3.2.3. Dueling Double DQN

In order to leverage the performance of DQN, which can effectively select the optimal action to charge multiple harvesters in a time-varying channel conditions, we redesign the structure of the deep neural network by using Dueling Double DQN. Doubling DQN is an advanced version of DQN which can prevent the overestimating problem appearing throughout the training [Reference Van Hasselt, Guez and Silver24]. Dueling Double DQN can efficiently solve the overestimating problem throughout the training process. In the same training epochs, Dueling Double DQN is proved to outperform the original DQN in learning efficiency.

In traditional DQN, as shown in equation (12), the target network target_net is designed to derive the cost function for a particular system state. Nevertheless, because we do not update the weight of the target network target_net in each training epoch, the training error will increase while training, hence prolonging the training procedure. In Doubling DQN, both the target network target_net and the evaluation network eval_net are used to calculate the cost functions. We use evaluation network eval_net to calculate the best action for system state s′.

(13)

\begin{matrix} y = w (s, a, s^{'}) + ϵ \max_{a^{'} \in A} Q_{e} (s^{'}, \underset{a \in A}{\arg} \max Q (s^{'}, a, θ), θ^{'}) . \end{matrix}

The latest research proves that the training error can be dramatically reduced using the Doubling DQN structure [Reference Van Hasselt, Guez and Silver24].

In traditional DQN, we only define the cost function Q value as the output of the deep neural network. The Dueling DQN is invented to speed up the convergence of the deep neural network by designing 2 individual streams of the output for the deep neural network. We use the output value $V (s, θ, β)$ to represent the first stream of the neural network. It denotes the cost function for a specific system state. We name the second stream of the output as advantage output $A (s^{'}, a, θ, α)$ , which is utilized to illustrate the advantage of using a specific action to a system state [Reference Wang, Schaul, Hessel, Van Hasselt, Lanctot and De Freitas25]. We define α and β as the parameters to correlate the output of two streams and the neural network.

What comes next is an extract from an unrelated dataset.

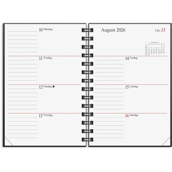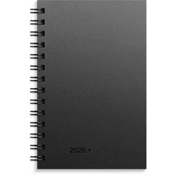 En populær lommekalender i spiralisert kartongomslag. Kalenderen er en del av en større serie med Gemini kalendere. Felles for Gemini er at selv om den er liten nok til å få plass i lommen oppleves den som romslig med god plass til å notere inni. Kalenderen viser hele uken over to sider (ukeoppslag). Den inneholder kalendariske opplysninger, telefonguide, månedsoversikt, årsoversikt, månefaser, helligdager og kongelige fødselsdager. Kalenderen er miljømerket FSC®, som betyr at produktet er produsert med papir og annet trevirke fra et ansvarlig og bærekraftig skogsbruk. - Følger kalenderåret - Får plass både i lommen og i vesken - Omslag i kartong - Spiralisert - Liggende uke/oppslag - Månedsplaner og årsoversikt for inneværende og kommende år - Månefaser, helligdager og kongelige fødselsdager - Linjerte notatsider - Hjørneperforering - 136 sider - 70g papir - Format: 82x123mm

The cost function can be denoted as

(14)

\begin{matrix} Q (s, a, θ, α, β) = V (s, θ, β) + (A (s^{'}, a, θ, α) - \frac{1}{(A)} \sum_{a^{'}} A (s^{'}, a, θ, α)) . \end{matrix}

The latest research proves that Dueling DQN can speeds up the training procedure by efficiently annihilating the additional freedom while training the deep neural network [Reference Wang, Schaul, Hessel, Van Hasselt, Lanctot and De Freitas25].

3.3. Area Division Deep Reinforcement Learning

In this paper, the optimization problem can be seen as calculating the optimal close-loop path which generates the maximum accumulated reward. However, the traditional DQN shows the difficulty converging to the optimal path because of the complicated experimental field. In order to leverage the performance of traditional DQN, we invent an AD-DQN in this paper. At first, the experimental field is divided into multiple separate parts. DQN is run on each part individually to obtain the optimal path for the robot, respectively. Finally, the entire close-loop path is formulated using the path on each part. In area division, the whole area is defined as W. The whole area is divided at multiple specific locations. $p_{i} \in P$ .

The criterion to pick p_i is finding the squares, which exist in more than one effective charging area of the IoT devices.

(15)

\begin{matrix} \forall p_{i} \in P, \\ p_{i} \in e f f_{m}, \\ p_{i} \in e f f_{n}, \\ m, n = 0,1, \dots, K - 1, m \neq n . \end{matrix}

For each p_i, we define $N_{i} = (p_{i})$ . We define set $K_{e} = (o_{\arg p_{i} \in e f f_{j}, j = 0,1, \dots, K - 1})$ . In the clockwise direction, we find that the IoT device o_i has the shortest distance to p_i, and then add both o_i and the effective charging area of o_i to N_i. The new area can be expressed as

(16)

\begin{matrix} N_{i} = N_{i} \cup (o_{i}) \cup (e f f_{i}) . \end{matrix}

Next, we find the IoT device having the shortest distance to the IoT device o_i that is just added to set N_i, and then add both the new IoT device and the effective charging area of it to N_i. Iteratively, we find that all the IoT devices besides the ones in $K_{e}$ are included in one N_i. Finally, classify all the rest squares to the nearest N_i. $(N_{i}) = W$ .

In each area, the DQN is run to determine the optimal path for the robot. In each area, the starting point is the same as the position of p_i; the end point is one of the effective charging squares of the furthest IoT device from the starting point in the same area. After the optimal path is calculated for each individual area, the close-loop optimal path for the entire area can be synthesized. The algorithm is shown in Algorithm 1.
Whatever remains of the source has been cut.